Eva Laudace, nata a Vasto nel 1983, è ingegnere e fotografa. Vincitrice di InediTO-Premio Colline di Torino nel 2013 con Tutto ciò che amo ha dentro il mare (La Vita Felice, 2013) ha pubblicato inoltre i libri Sua altezza di baci (Capire edizioni, 2018), Stelle di sedicesima grandezza (Alla chiara fonte, 2019) e Le bambine dai capelli rossi (Capire edizioni, 2022). Suoi testi sono stati tradotti in spagnolo e portoghese e sono apparsi in diverse antologie e riviste tra cui Atelier, Post ’900, lirici e narrativi (Giuliano Ladolfi Editore, 2015) e Centrale di transito (Giulio Perrone Editore, 2016). Fa parte del Consiglio Direttivo del Centro di Poesia Contemporanea dell’Università di Bologna. Il suo sito è www.evalaudace.com


Cinzia Marulli è nata il 6 marzo 1965 a Roma dove vive e lavora. Organizza e coordina eventi e incontri culturali con la finalità di diffondere la poesia. È fondatrice e curatrice della collezione di quaderni di poesia Le gemme (Ed. Progetto Cultura) e del blog letterario ParolaPoesia. Inoltre è curatrice della sezione di poesia ispano-americana per le Ed.

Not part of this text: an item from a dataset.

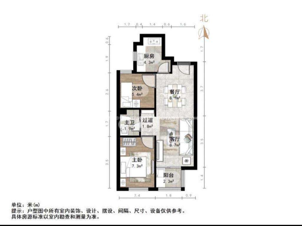 厅室2室1厅1卫1阳台

La vita felice insieme al poeta cileno Mario Meléndez e con la collaborazione della Fondazione Vicente Huidobro ed è collaboratrice della rivista cilena Altazor per la quale cura la rubrica “Nuova Poesia Italiana”. In Italia ha pubblicato i libri di poesie: Agave (LietoColle - 2011) con prefazione di Maria Grazia Calandrone; Las mantas de Dios (Progetto Cultura - 2013) in edizione bilingue italiano–spagnolo con traduzione di Emilio Coco e prefazione di Mario Meléndez; Percorsi (La Vita Felice - 2016) con prefazione di Jean Portante; La casa delle fate (La Vita Felice 2017) con post fazione di Marco Antonio Campos. Nel 2021 è stato pubblicato in Spagna il suo libro di poesie “El sentido blanco de las nubes” per le Edizioni Valparaíso con traduzione di Emilio Coco.